After mode selection:

  • AI Generation: Continue to Step 2 (Select Test Levels and Strategy)
  • Recording: Skip to Step 4 (Build Data Infrastructure) - tests already generated

Step 2: Select Test Levels and Strategy

Actions

  1. Analyze Acceptance Criteria

For each acceptance criterion, determine:

  • Does it require full user journey? → E2E test
  • Does it test business logic/API contract? → API test
  • Does it validate UI component behavior? → Component test
  • Can it be unit tested? → Unit test
  1. Apply Test Level Selection Framework

Knowledge Base Reference: test-levels-framework.md

E2E (End-to-End):

  • Critical user journeys (login, checkout, core workflow)
  • Multi-system integration
  • User-facing acceptance criteria
  • Characteristics: High confidence, slow execution, brittle

API (Integration):

  • Business logic validation
  • Service contracts
  • Data transformations
  • Characteristics: Fast feedback, good balance, stable

Component:

  • UI component behavior (buttons, forms, modals)
  • Interaction testing
  • Visual regression
  • Characteristics: Fast, isolated, granular

Unit:

  • Pure business logic
  • Edge cases
  • Error handling
  • Characteristics: Fastest, most granular
  1. Avoid Duplicate Coverage

Don't test same behavior at multiple levels unless necessary:

  • Use E2E for critical happy path only
  • Use API tests for complex business logic variations
  • Use component tests for UI interaction edge cases
  • Use unit tests for pure logic edge cases
  1. Prioritize Tests

If test-design document exists, align with priority levels:

  • P0 scenarios → Must cover in failing tests
  • P1 scenarios → Should cover if time permits
  • P2/P3 scenarios → Optional for this iteration

Decision Point: Set primary_level variable to main test level for this story (typically E2E or API)

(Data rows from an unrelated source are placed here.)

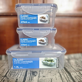 ✨Bộ 3 Hộp Nhựa Classic Lock&Lock Hình Chữ Nhật Khóa 4 Cạnh Kín Hơi (1 Hộp 1L và 2 Hộp 470ml)
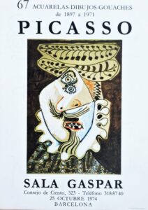 Pablo Picasso – «67 acuarelas, dibujos, gouaches» cartel original exposición de Pablo Picasso en la sala Gaspar Barcelona en 1974
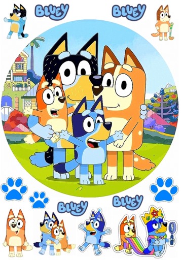 Gruby jadalny okrągły opłatek na tort z wafla z motywem BLUEY.

Step 3: Generate Failing Tests

Actions

  1. Create Test File Structure

    tests/
    ├── e2e/
    │   └── {feature-name}.spec.ts        # E2E acceptance tests
    ├── api/
    │   └── {feature-name}.api.spec.ts    # API contract tests
    ├── component/
    │   └── {ComponentName}.test.tsx      # Component tests
    └── support/
       ├── fixtures/                      # Test fixtures
       ├── factories/                     # Data factories
       └── helpers/                       # Utility functions
    
  2. Write Failing E2E Tests (If Applicable)

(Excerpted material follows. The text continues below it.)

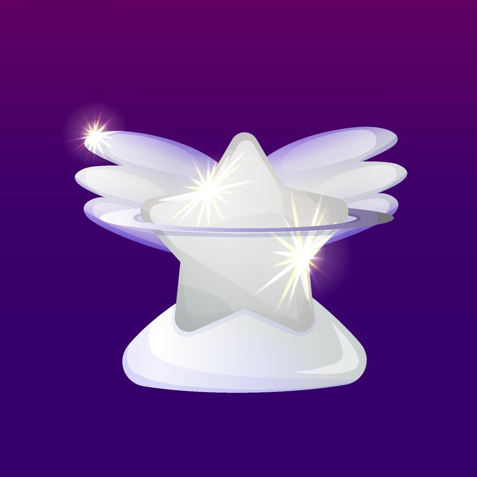 Game rank, star rating for completing levels. Silver star with wings for game ui design. Cartoon vector illustration. Level up prize Pro Vector
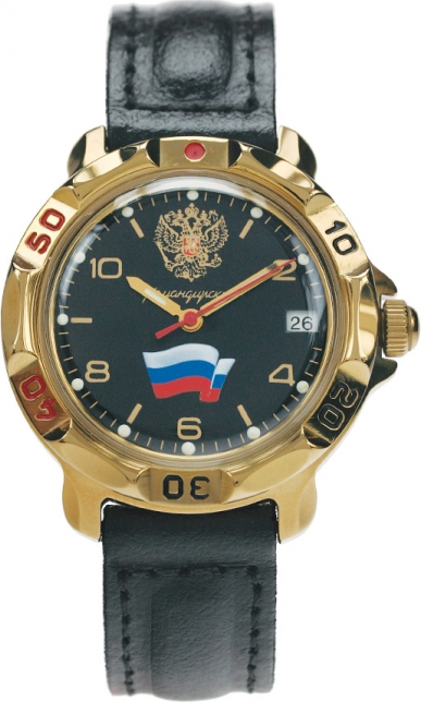 Легендарные мужские механические часы Восток Командирские с гербом и флагом РФ на циферблате. Механизм Восток 2414А калибра 24 мм с центральной секундной стрелкой. В механизме 17 камней. Запас хода не менее 36 часов. Противоударное устройство узла баланса. Поворачивающийся безель. Корпус из часовой латуни с покрытием нитрида титана. Задняя крышка из нержавеющей стали. Выпуклое органическое стекло. Завинчивающаяся заводная головка. Ремешок из натуральной кожи с классической застежкой. Обхват запястья от 180 до 215 мм. (длина ремешка 75+115 мм). Вес часов 60 грамм. Гарантия 1 год.

Use Given-When-Then format:

   import { test, expect } from '@playwright/test';

   test.describe('User Login', () => {
     test('should display error for invalid credentials', async ({ page }) => {
       // GIVEN: User is on login page
       await page.goto('/login');

       // WHEN: User submits invalid credentials
       await page.fill('[data-testid="email-input"]', 'invalid@example.com');
       await page.fill('[data-testid="password-input"]', 'wrongpassword');
       await page.click('[data-testid="login-button"]');

       // THEN: Error message is displayed
       await expect(page.locator('[data-testid="error-message"]')).toHaveText('Invalid email or password');
     });
   });

Critical patterns:

  • One assertion per test (atomic tests)
  • Explicit waits (no hard waits/sleeps)
  • Network-first approach (route interception before navigation)
  • data-testid selectors for stability
  • Clear Given-When-Then structure
  1. Apply Network-First Pattern

Knowledge Base Reference: network-first.md

   test('should load user dashboard after login', async ({ page }) => {
     // CRITICAL: Intercept routes BEFORE navigation
     await page.route('**/api/user', (route) =>
       route.fulfill({
         status: 200,
         body: JSON.stringify({ id: 1, name: 'Test User' }),
       }),
     );

     // NOW navigate
     await page.goto('/dashboard');

     await expect(page.locator('[data-testid="user-name"]')).toHaveText('Test User');
   });
  1. Write Failing API Tests (If Applicable)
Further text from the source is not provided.